The Seven Magnificent Gladiators (Bruno Mattei, 1983)
Kurosawa sinemanın yüzünü tamamen değiştiren bir film olan Yedi Samuray‘ı yaptı. John Sturges filmin bir western uyarlamasının mükemmel olacağını düşündü ve The Magnificent Seven unutulmaz bir iş ortaya çıkardı. Her iki versiyonda da olmayan şey neydi? Gladyatörler tabii ki.
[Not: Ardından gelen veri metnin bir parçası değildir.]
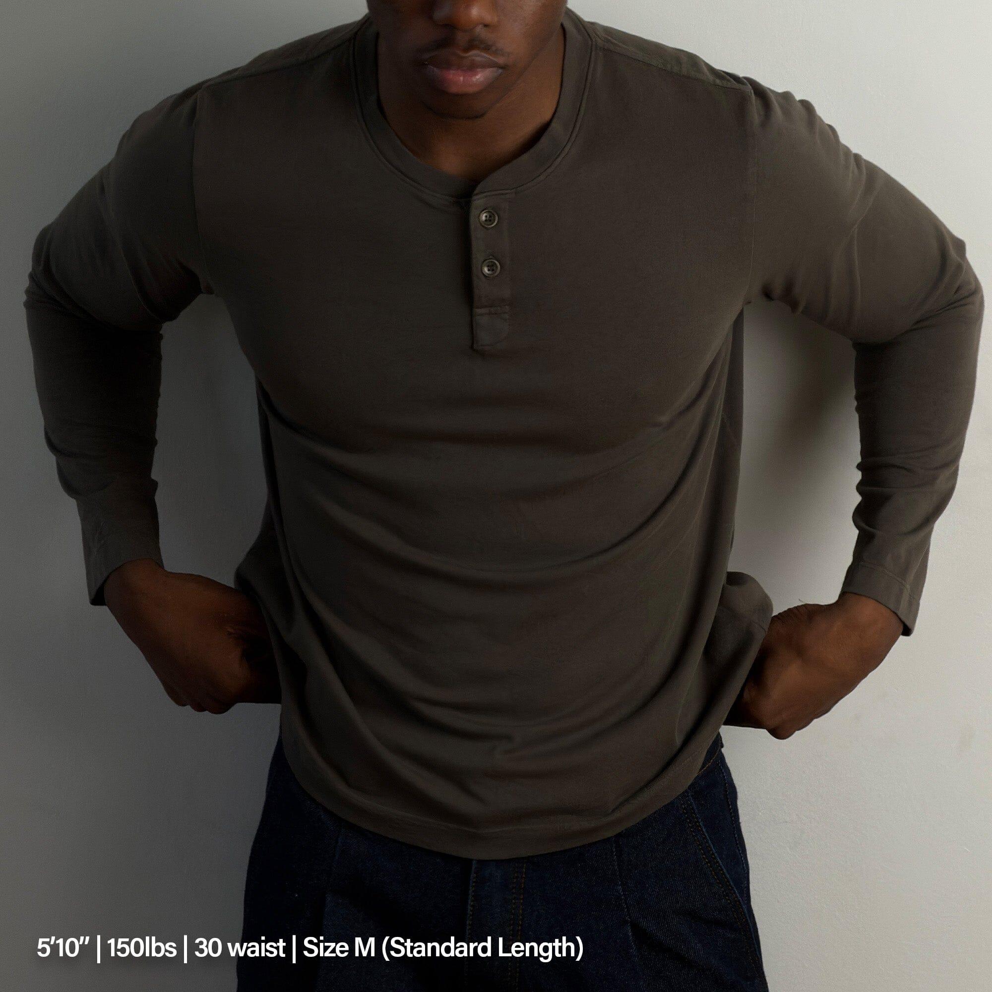 The newest addition to our Los Feliz line takes our best-selling Crop Muscle Tee and reimagines it as a Long Sleeve Henley. The "Los Feliz" Henley keeps our signature cropped length—falling 1 to 2 inches below the waistline—for the same perfect proportion as the original. Fitted through the arms and chest but relaxed around the waist, it creates a naturally muscular silhouette while staying comfortable. Constructed in Los Angeles from premium, ring-spun American-grown 10 oz cotton, this isn’t just a shirt—it’s a carefully engineered piece designed to flatter the body and elevate everyday wear. Details Made in Los Angeles. Midweight American Cotton (10oz, 100% Cotton). Fitted Arms + Chest with Relaxed Waist Area. Crop Length just below Belt-line (Available in Short and Standard Crop Lengths*). Pre-Washed and Pre-Shrunk. * Short Length is -1.5 inches shorter than our Standard Crop Tee.

Her iki işi de kopyalayan Bruno Mattei’nin B sınıfı kılıç ve sandalet hikayesi The Seven Magnificent Gladiators’ta akılda en çok kalanlar bolca kas ve bebek yağı. Yedi Samuray‘ın kas bakımından zayıf olduğunu düşünenler The Seven Magnificent Gladiators‘a bir şans verebilir. Ama filmde düzgün bir olay örgüsü bile yok ve iyi bir gladyatör filmi olmaktan bile çok uzak.
Rebel Moon (Zack Snyder, 2023/2024)
Rebel Moon‘daki özgünlük eksikliği sadece Yedi Samuray‘ın uzayda olmasından kaynaklanmıyor. Proje sıradan bir Netflix bilimkurgusu olmanın ötesine geçemiyor. Snyder’a istediği türden bir film yapmasu için tam bir yaratıcı özgürlük verildi ama o sadece kendisinin bildiği nedenlerden dolayı toplam 256 dakikalık sıkıcı bir iş ortaya çıkardıi: çok uzun, çok sıkıcı, aşırı, abartılı, heyecansız. Yani Yedi Samuray’ın olmadığı her şey. Toplam 377 dakika süre uzun versiyonları izlemek sabır testinden geçmeyi gerektiriyor. Yedi Samuray düzinelerce farklı şekilde yeniden çekildi ama bu en monotonu olabilir.